**Problem:** Once the pictures are set aside, copy the data below exactly as it stands.

── Given information ──

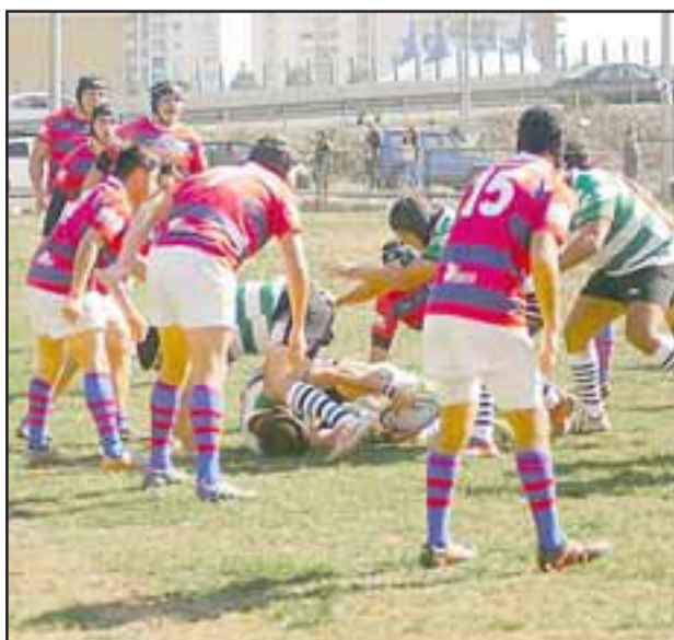
Los Halcones perdieron de forma muy holgada ante Carneros en la ciudad de La Serena.

Con esto los aconagüinos ya no dependen de sí mismos para llegar a la Copa de Oro, ya que deben ganar su próximo juego y esperar que se den algunas combinaciones para poder clasificar.
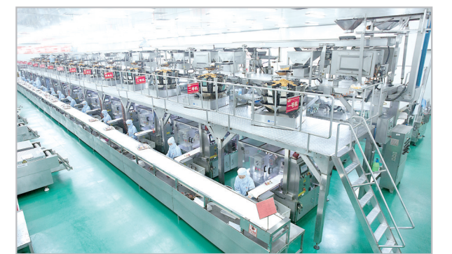
卫龙食品生产车间。

不惧风雨,只争朝夕。2020年是全面建成小康社会,实现第一个百年奋斗目标的收官之年,冲锋号已经吹响,开发区将紧紧抓住国家推进开发区创新提升、打造改革开放新高地这一历史机遇,以招商引资带动、精品园区打造、智慧城市建设、城投公司IPO上市、双包双带促双评、目标管理精细化和干部队伍双提升等七大载体为抓手,秉持敢为人先的开发区精神,用汗水浇灌收获,以实干笃定前行,奋力谱写新时代开发区出彩出彩的绚丽新篇章!

───

**Response to this exercise:**
Los Halcones perdieron de forma muy holgada ante Carneros en la ciudad de La Serena.

Con esto los aconagüinos ya no dependen de sí mismos para llegar a la Copa de Oro, ya que deben ganar su próximo juego y esperar que se den algunas combinaciones para poder clasificar.
卫龙食品生产车间。

不惧风雨,只争朝夕。2020年是全面建成小康社会,实现第一个百年奋斗目标的收官之年,冲锋号已经吹响,开发区将紧紧抓住国家推进开发区创新提升、打造改革开放新高地这一历史机遇,以招商引资带动、精品园区打造、智慧城市建设、城投公司IPO上市、双包双带促双评、目标管理精细化和干部队伍双提升等七大载体为抓手,秉持敢为人先的开发区精神,用汗水浇灌收获,以实干笃定前行,奋力谱写新时代开发区出彩出彩的绚丽新篇章!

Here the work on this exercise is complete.